#### Provided records
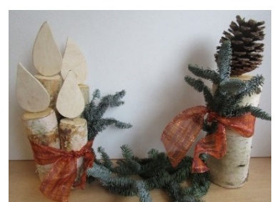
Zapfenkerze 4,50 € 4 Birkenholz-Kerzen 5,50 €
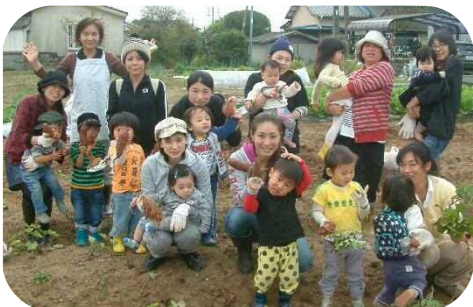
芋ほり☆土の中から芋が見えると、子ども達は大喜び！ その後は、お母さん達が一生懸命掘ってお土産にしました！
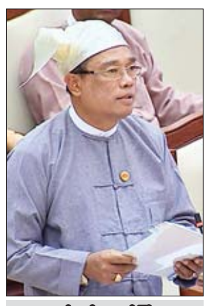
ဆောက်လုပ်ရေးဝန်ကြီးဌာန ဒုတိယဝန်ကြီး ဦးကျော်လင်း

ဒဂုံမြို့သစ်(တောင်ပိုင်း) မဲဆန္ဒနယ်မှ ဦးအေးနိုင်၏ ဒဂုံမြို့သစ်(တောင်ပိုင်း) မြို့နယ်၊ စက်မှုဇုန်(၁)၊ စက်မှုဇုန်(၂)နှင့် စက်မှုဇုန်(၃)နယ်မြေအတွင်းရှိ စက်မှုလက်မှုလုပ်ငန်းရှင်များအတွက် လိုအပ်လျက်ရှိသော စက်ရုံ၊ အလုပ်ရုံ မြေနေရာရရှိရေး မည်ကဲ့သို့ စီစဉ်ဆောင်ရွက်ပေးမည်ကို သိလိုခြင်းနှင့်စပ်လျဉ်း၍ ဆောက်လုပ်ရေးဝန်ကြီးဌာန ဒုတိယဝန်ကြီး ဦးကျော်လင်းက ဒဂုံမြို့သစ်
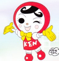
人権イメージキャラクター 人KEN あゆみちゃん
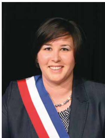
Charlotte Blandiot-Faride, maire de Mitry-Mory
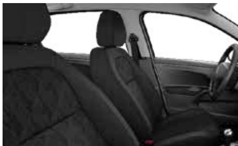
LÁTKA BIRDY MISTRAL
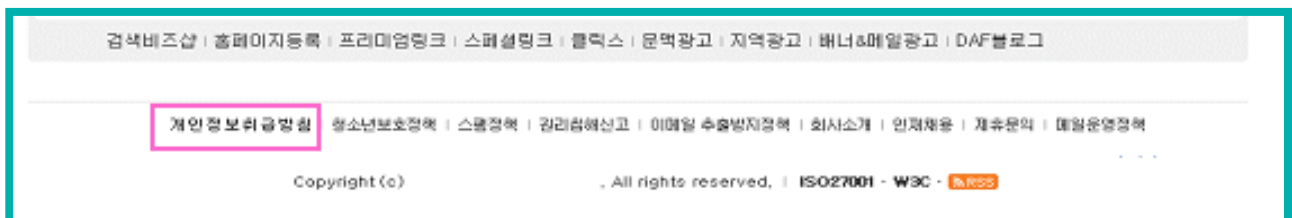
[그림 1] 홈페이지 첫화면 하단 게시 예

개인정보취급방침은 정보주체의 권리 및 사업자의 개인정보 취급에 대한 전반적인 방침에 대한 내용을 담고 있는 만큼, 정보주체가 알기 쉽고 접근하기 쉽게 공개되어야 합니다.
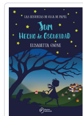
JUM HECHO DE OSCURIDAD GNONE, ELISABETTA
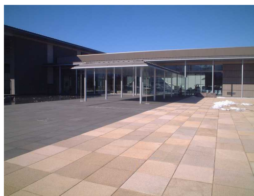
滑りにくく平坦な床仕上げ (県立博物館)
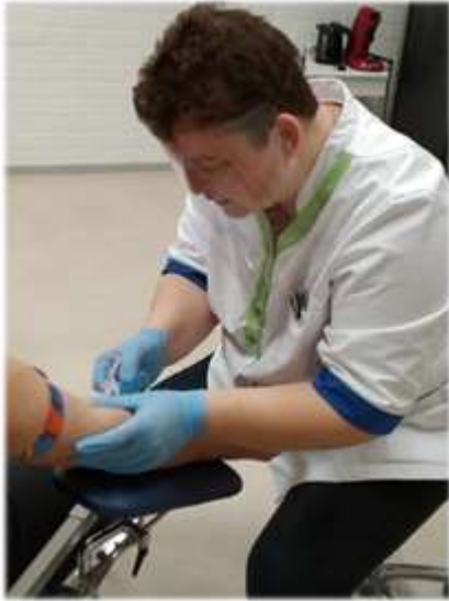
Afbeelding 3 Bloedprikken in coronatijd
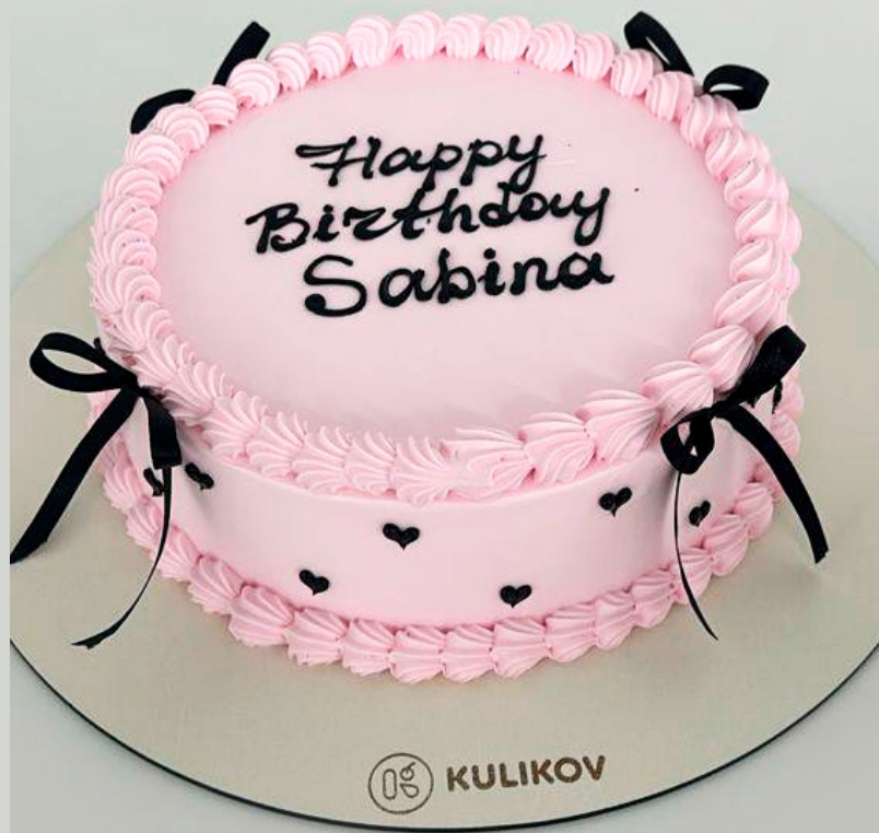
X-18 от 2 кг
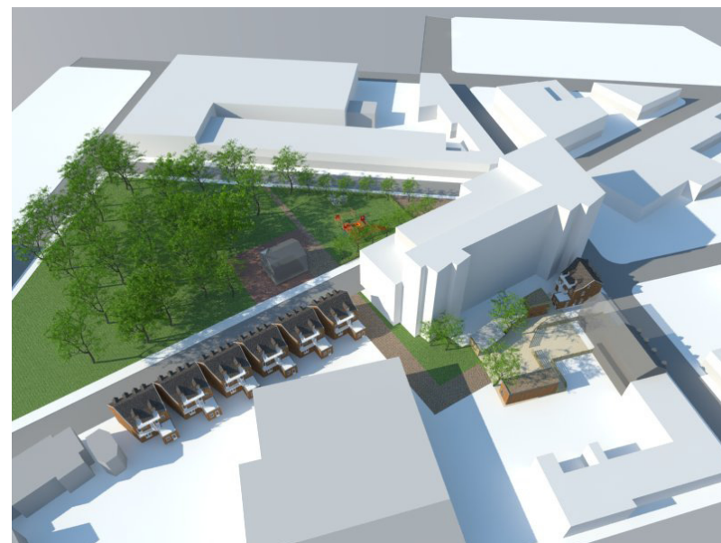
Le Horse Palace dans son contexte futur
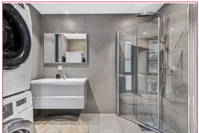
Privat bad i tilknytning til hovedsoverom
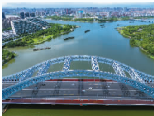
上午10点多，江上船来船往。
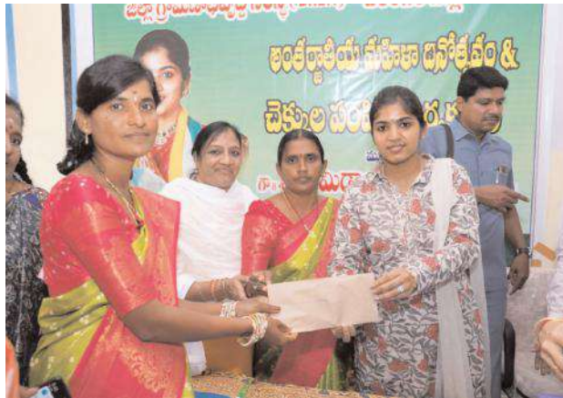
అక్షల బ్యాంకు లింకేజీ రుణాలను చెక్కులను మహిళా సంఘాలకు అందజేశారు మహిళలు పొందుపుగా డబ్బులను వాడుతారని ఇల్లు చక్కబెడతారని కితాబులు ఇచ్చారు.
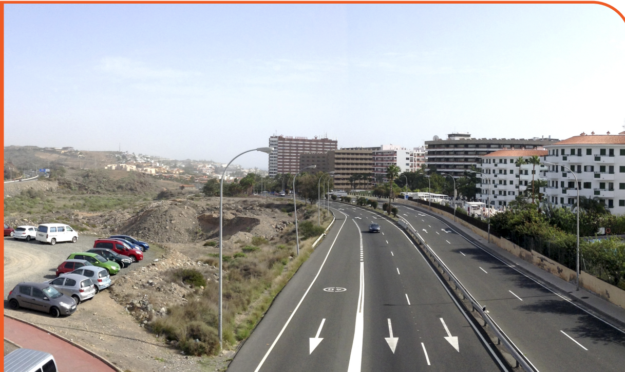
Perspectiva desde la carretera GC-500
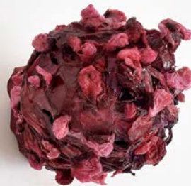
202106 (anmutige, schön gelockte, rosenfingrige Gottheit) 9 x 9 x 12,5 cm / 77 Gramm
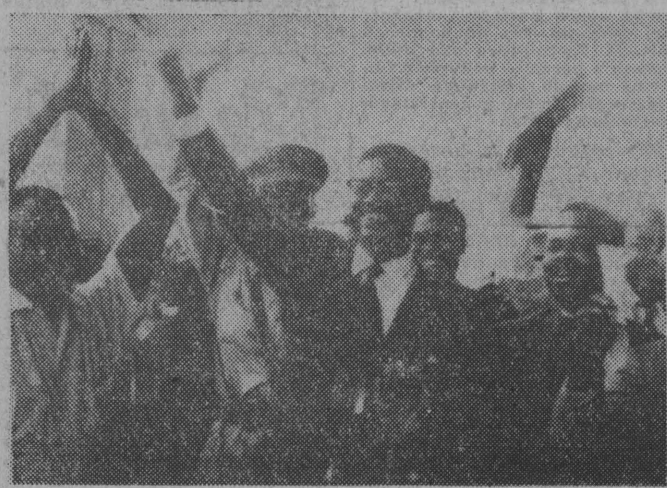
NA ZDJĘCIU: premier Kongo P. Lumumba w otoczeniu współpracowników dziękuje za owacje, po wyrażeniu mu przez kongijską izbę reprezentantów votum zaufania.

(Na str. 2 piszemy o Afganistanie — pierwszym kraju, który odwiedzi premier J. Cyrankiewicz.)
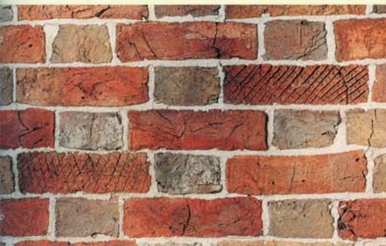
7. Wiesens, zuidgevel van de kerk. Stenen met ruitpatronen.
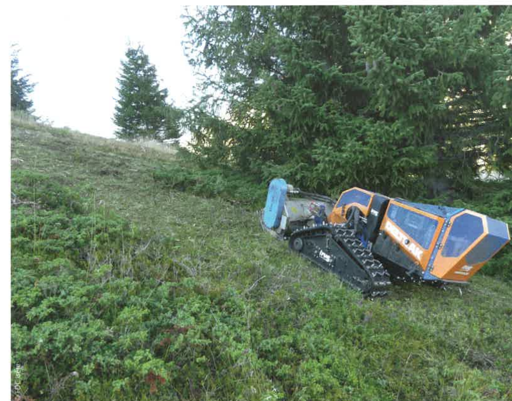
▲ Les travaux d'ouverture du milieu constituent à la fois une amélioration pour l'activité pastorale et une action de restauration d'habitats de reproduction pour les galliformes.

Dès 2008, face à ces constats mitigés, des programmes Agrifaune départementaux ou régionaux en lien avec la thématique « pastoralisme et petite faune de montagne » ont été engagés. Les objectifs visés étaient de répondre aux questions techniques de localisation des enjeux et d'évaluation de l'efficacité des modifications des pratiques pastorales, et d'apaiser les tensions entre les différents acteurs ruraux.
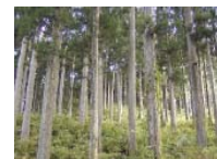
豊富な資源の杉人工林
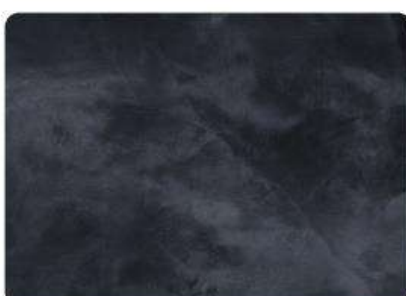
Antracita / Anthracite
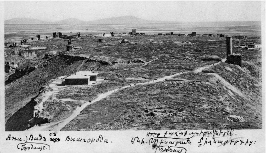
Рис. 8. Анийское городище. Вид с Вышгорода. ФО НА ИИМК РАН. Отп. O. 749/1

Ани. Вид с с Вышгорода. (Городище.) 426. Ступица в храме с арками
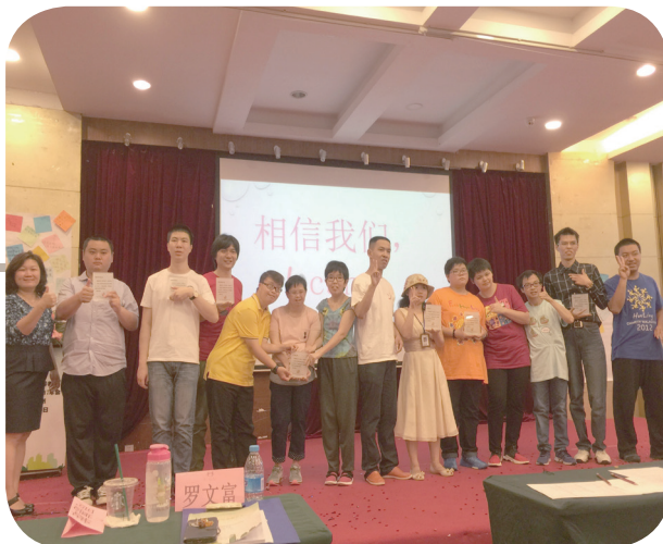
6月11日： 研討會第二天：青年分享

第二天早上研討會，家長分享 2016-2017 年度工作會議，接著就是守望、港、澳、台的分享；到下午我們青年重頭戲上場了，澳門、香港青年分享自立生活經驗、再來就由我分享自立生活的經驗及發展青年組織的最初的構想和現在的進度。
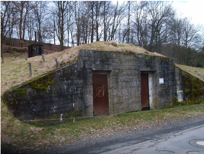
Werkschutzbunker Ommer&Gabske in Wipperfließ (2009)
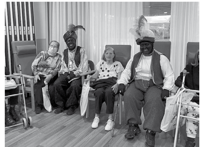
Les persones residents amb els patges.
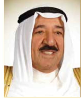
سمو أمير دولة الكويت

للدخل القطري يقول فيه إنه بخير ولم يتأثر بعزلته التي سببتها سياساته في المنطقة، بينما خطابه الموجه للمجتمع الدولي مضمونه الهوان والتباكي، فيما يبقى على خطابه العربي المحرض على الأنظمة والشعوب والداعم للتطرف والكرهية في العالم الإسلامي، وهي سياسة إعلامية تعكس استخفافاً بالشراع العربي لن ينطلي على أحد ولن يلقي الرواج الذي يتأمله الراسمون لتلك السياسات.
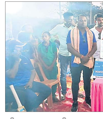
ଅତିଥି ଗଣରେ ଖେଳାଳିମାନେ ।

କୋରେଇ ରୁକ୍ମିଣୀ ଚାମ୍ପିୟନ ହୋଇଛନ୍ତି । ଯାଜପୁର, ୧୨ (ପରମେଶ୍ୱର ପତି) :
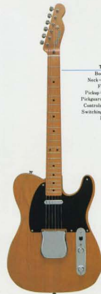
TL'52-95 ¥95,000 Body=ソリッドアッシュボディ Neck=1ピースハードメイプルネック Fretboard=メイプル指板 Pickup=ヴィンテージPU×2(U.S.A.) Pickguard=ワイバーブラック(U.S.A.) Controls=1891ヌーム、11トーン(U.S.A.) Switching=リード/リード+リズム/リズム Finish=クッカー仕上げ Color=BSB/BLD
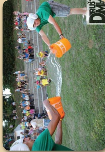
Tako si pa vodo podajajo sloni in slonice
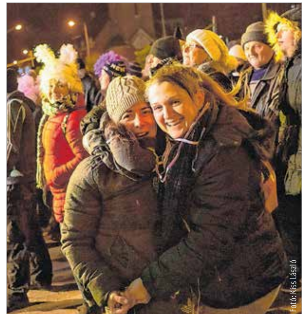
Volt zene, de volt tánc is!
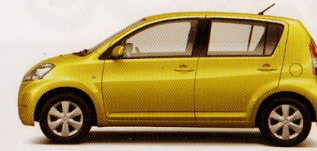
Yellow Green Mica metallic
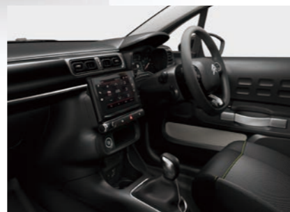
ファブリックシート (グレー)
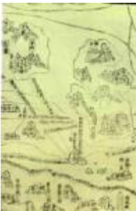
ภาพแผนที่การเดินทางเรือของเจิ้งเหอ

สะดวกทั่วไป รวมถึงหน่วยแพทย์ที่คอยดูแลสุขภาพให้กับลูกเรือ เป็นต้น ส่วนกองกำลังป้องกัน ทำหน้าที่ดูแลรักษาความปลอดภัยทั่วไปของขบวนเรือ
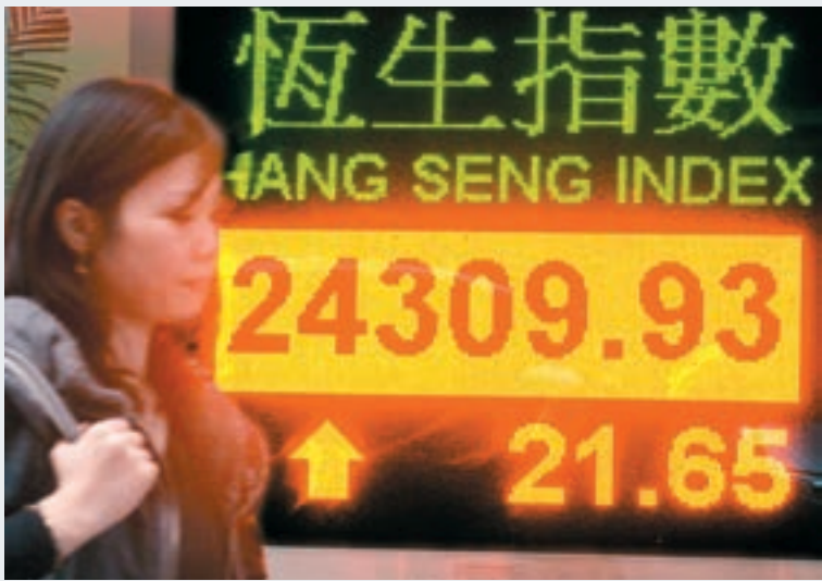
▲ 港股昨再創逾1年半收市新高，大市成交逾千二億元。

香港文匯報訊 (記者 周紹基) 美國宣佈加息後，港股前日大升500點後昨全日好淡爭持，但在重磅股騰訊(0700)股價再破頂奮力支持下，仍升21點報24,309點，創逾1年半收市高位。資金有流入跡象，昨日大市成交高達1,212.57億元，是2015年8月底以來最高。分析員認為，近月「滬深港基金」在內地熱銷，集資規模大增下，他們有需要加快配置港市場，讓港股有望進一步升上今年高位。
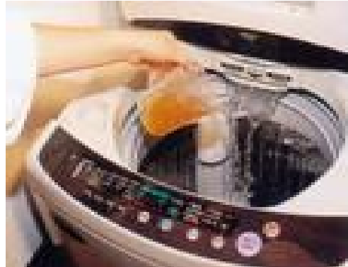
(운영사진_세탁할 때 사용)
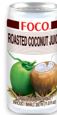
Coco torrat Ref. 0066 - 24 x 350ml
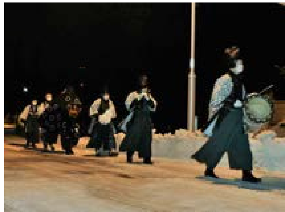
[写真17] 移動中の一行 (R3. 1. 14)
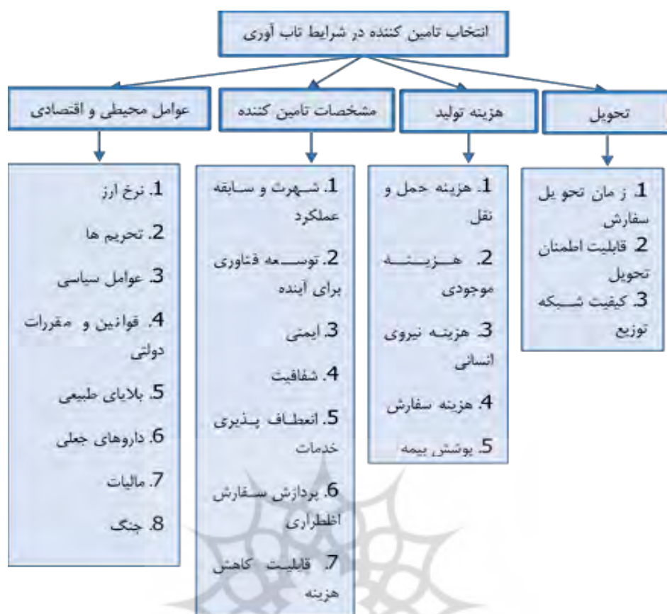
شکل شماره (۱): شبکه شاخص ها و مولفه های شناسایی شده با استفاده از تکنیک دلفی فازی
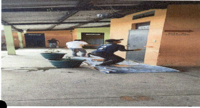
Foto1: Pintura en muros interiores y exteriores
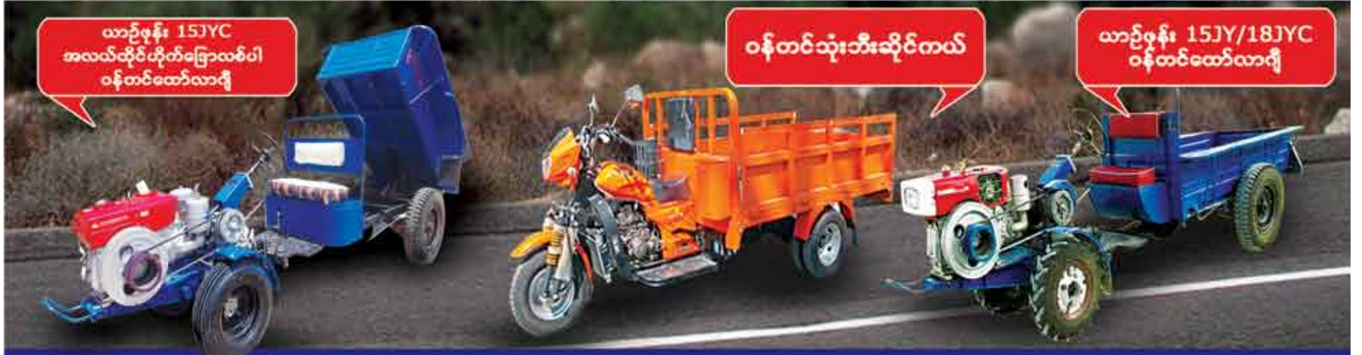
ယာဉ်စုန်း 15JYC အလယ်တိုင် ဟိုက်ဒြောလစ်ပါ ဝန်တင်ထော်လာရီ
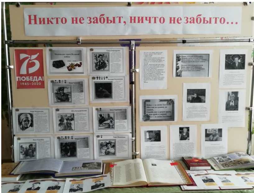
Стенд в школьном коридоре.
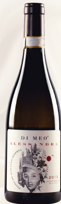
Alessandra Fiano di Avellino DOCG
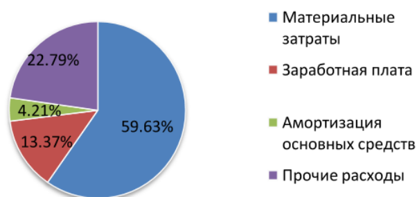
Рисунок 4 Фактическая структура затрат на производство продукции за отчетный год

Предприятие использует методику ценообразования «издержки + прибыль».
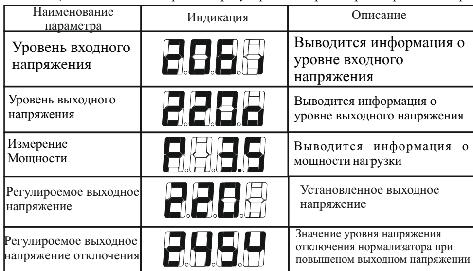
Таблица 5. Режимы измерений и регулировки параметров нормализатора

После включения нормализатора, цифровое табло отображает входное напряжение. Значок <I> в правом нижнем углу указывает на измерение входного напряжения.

#### Required work
Output only the lines above from the line that holds "Privat bad i tilknytning til hovedsoverom" through the line that holds "202106 (anmutige, schön", both ends included, and exclude pictures.

#### Answer box
Privat bad i tilknytning til hovedsoverom
上午10点多，江上船来船往。
అక్షల బ్యాంకు లింకేజీ రుణాలను చెక్కులను మహిళా సంఘాలకు అందజేశారు మహిళలు పొందుపుగా డబ్బులను వాడుతారని ఇల్లు చక్కబెడతారని కితాబులు ఇచ్చారు.
Perspectiva desde la carretera GC-500
202106 (anmutige, schön gelockte, rosenfingrige Gottheit) 9 x 9 x 12,5 cm / 77 Gramm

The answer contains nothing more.